Contingent fees are comparable to hourly fees. Several recent studies have shown that, for the number of hours worked, median fees on a contingent basis are comparable to the median hourly fees of attorneys in similar cases. There is no outcry over the level of contingent fees by the clients who actually pay them. In every state, courts have the right to reduce fees that are excessive in light of the work performed, and most jurisdictions have streamlined fee-dispute processes as well. There is no need for a rigid, statutory framework.

Caps and artificial limits on contingent fees would limit access to justice. Limits on contingent fees would make it more difficult for attorneys to accept cases with lower damages. An attorney who routinely took cases of a low dollar value would soon go out of business, if the fee was held to only 10%. Contingent fees must be high enough to take into account the risk of losing, of receiving a low settlement, or of having to try the case through to appeal.

Caps on contingent fees are one-sided, to the detriment of injured people.
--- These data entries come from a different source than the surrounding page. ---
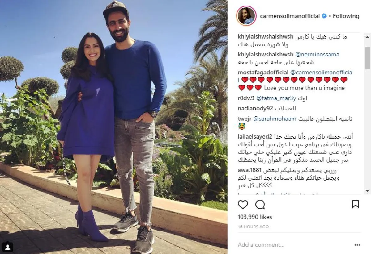الفنانة كارمن سليمان، وقعت في مصيدة انتقادات الجمهور لملابسها، بعدما نشرت للمرة الأولى عبر حسابها بموقع إنستقرام صورة لها برفقة زوجها مصطفى جاد وهي ترتدي فستانا أزرق قصيرا جدا، وعاتبها عدد كبير من جمهورها ووجهوا سهام النقد لزوجها، وتدخلت معجبة تدعى ايمان العباسي لإصلاح الأمور، حيث كتبت: يا كارمن متزعليش دا اكبر دليل انك محترمه وان جمهورك بيحبك بصدق ومش بيجاملوكي ومش متقبل منك ان الشهرة تغيرك انتي جميله وسيمبل ومحترمه واتحبيتي جدا عشان كدا متزعليش ابدا بليز بحبك كتير، فيما كتبت مشيرة: مش دى أخلاقك ع فكره، وعلقت أخرى: نسيت تلبس البنطلون.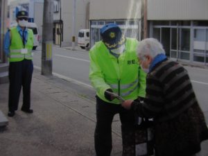 北分会は春の地域安全運動期間中4日間、防犯実働隊、同婦人部員から8人が参加して、広報車を活用した防犯パトロールや中里、住吉の各小学校周辺での見守り活動などを行いました。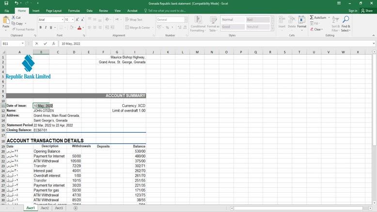 GRENADA REPUBLIC BANK STATEMENT EXCEL AND PDF TEMPLATE

Proposals to limit fees never focus on the hourly fees charged by defense attorneys, some of whom charge hundreds of dollars per hour of work. Why should the Congress take action that will only affect one side in a civil dispute? The agenda of these proposals is clear - to take away the only person standing up for an injured person and demanding accountability.

The world is coming our way - why should we tamper with what works? Great Britain recently adopted a conditional fee system similar to the American contingent fee system. People understand that their lawyers will be more motivated if their fees depend on success. Even corporate lawyers who traditionally work on an hourly fee basis are adopting "results-oriented" fees.